The averaged Pearson r across experimental repeats is used to represent the overall performance of a method. Variation in Pearson r and RMSE values across experimental repeats is visually inspected by comparing the minimum and maximum level across 10 experimental repeats, which help evaluate the reproducibility and stability of each method.

For reference-free deconvolution methods, where cell-type labels are not explicitly provided, we calculated pairwise Pearson correlations between the estimated and the known fractions and assign the unnamed cell type to the cell type with which it showed the highest correlation (Additional file 1: Fig. S18).

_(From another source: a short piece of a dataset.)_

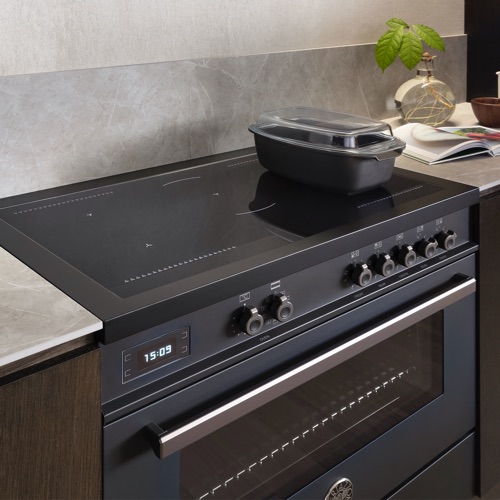 Het oog wil ook wat, en ook daarin stelt Bertazzoni niet teleur. Het elegante zwarte glas vormt een prachtig contrast met het robuuste gietijzeren rooster en de iconische messing accenten – subtiele details die karakter geven aan je keuken.

Multi-linear regression model of deconvolution performance

In order to evaluate the impact of methodological choices on deconvolution performance for regression-based methods, we utilized a linear modeling approach. Specifically, we fitted a linear model using the lm() function in R to predict Pearson correlation coefficients based on various predictors, incorporating dataset and cell types as covariates. The model formula employed was:

$$\begin{aligned} \text {model} = lm( \text {correlation} \sim 1 + \text {regression}\_\text {choice} + \text {reference}\_\text {choice} + \text {dataset} \times \text {cell}\_\text {type}) \end{aligned}$$

We designated nnls as the baseline regression choice, and no selection with MuSiC regression as the baseline reference choice for comparison. The coefficients obtained from the model indicate, conditional on all other effects, the relative impact of a specific methodological choice over the baseline. Higher coefficients indicate a more significant impact of this methodological choice on overall performance. The model was fitted separately for bulk data simulated from different approaches, in order to explore the effect shift of methodological choices under different conditions.